课程名称︰资讯工程理论基础
课程性质︰必修
课程教师︰吕育道
开课学院：电资学院
开课系所︰资工系
考试日期（年月日）︰2013.11.05
考试时限（分钟）：180
是否需发放奖励金：是
（如未明确表示，则不予发放）
试题 :
Theory of Computation
Mid-Term Examination on November 5, 2013
Fall Semester, 2013
Problem 1 (25 points)
Show that if NP ≠ coNP, then P ≠ NP.
Ans: P is closed under complementation. If P = NP, then NP is also closed
under complementation. In other words, NP = coNP.
Problem 2 (25 points)
It is known that H* = {M | M halts on all inputs} is undecidable. Show that
L is undecidable, where
L = {M_1;M_2 | M_1 and M_2 are TMs and M_1(x) = M_2(x) for all inputs x}.
Ans: We prove that L is undecidable by reducing H* to L. Suppose L is
decidable. Given a TM M, we construct M_1 and M_2 as follows. M_1
simulates M on any input and accepts if M halts. M_2 always accepts on
its input. Obviously, M halts on all inputs if and only if M_1(x) = M_2(x)
for all inputs x. So M ∈ H* if and only if M_1;M_2 ∈ L. So if L were
decidable, H* would be decidable, a contradiction. Hence, L is
undecidable.
Problem 3 (25 points)
Prove that the language C_NP is NP-complete, where
C_NP = {(N, x, 0^t) | N is an NTM that accepts x within time t}.

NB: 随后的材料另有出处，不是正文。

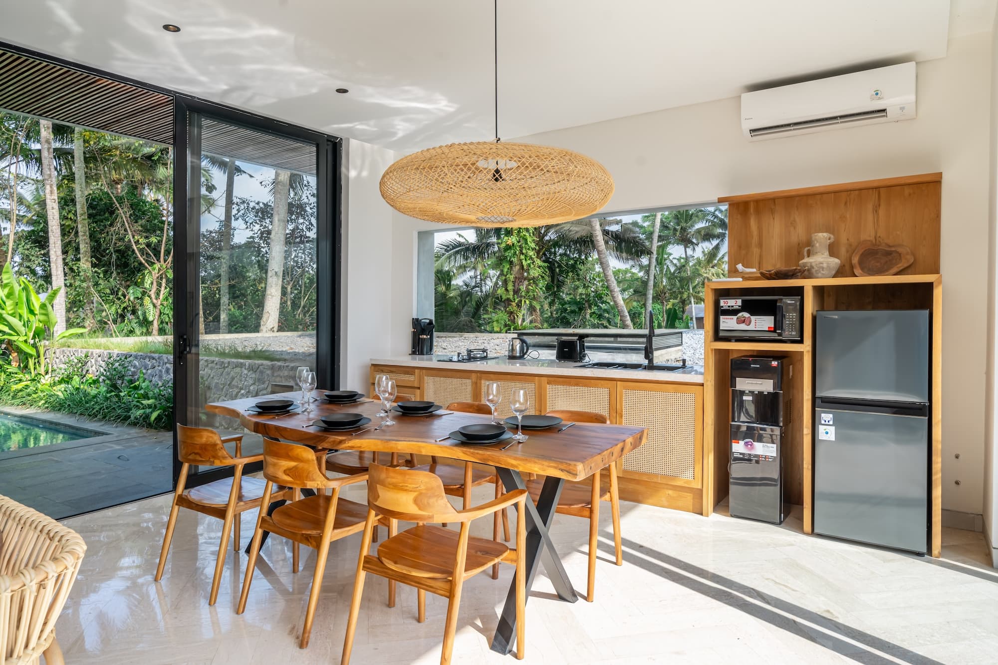• 3 стильные кондиционируемые спальни с видом на джунгли

Recall that 0^k denotes the string consisting of k 0s. Do not forget to show
C_NP is in NP.
Ans: We first show that C_NP is in NP. With the input (N, x, 0^t), we simulate
N on x up to t steps of N and accept if N accepts x. The algorithm
obviously runs in polynomial time. We next show that C_NP is NP-hard. Let
L ∈ NP be accepted by an NTM N that runs in polynomial time n^c for some
constant c. To reduce L to C_NP, simply map the input x to the triple
(N, x, 0^(n^c)). The reduction can evidently be performed in polynomial
time. It is clear that x ∈ L iff (N, x, 0^(n^c)) ∈ C_NP.
Problem 4 (25 points)
We say that a function f: Z^(+) → Z^(+) is a proper complexity function if
1. f is non-decreasing, i.e, f(n+1) ≧ f(n) for all positive integers n.
2. There is a k-string Turing Machine M_f with input and output that, given
an input of length n,
(a) outputs ㄇ^f(n) on its output string in time O(n + f(n)), and
(b) uses O(f(n)) space besides its input and output.
PS. ㄇ = output symbol
Show that the set of proper complexity functions is closed under sums (i.e.,
if f and g are proper complexity functions, then f + g is also a proper
complexity function.)
Ans:
Let f and g be two proper complexity functions. Let's notice that
1. For all positive integers n,
(f+g)(n + 1) = f(n + 1) + g(n + 1) ≧ f(n) + g(n) = (f+g)(n)
because f and g are non-decreasing; hence (f+g) is also non-decreasing.
2. Let M_f and M_g be the (k_f)-string and (k_g)-string Turing machines
associated with f and g, respectively. Let's construct a (k_f + k_g)-string
Turing machine called M_(f+g) as follows:
(a) Given an input of length n, M_(f+g) first emulates M_f on it to write
ㄇ^f(n) in the (k_f)th string.
(b) Then M_(f+g) emulates M_g on the original input to write ㄇ^g(n) in the
(k_f + k_g - 1)st string.
(c) Finally, M_(f+g) concatenates the (k_f)th and (k_f + k_g - 1)st strings
and outputs it in the (k_f + k_g)th tape.
From the construction above, we notice that given an input of length n, the
output of M_(f+g) is of length (f+g)(n) = f(n) + g(n). Now, let's notice
that
(a) M_(f+g) runs in time
O(n + f(n) + n + g(n) + f(n) + g(n)) = O(n + f(n) + g(n)).
(b) The maximum space M_(f+g) uses is
O(f(n)) + O(g(n)) = O(f(n) + g(n)).
From the two items above, (f+g) is a proper complexity function, hence the set
of all proper complexity functions is closed under sums.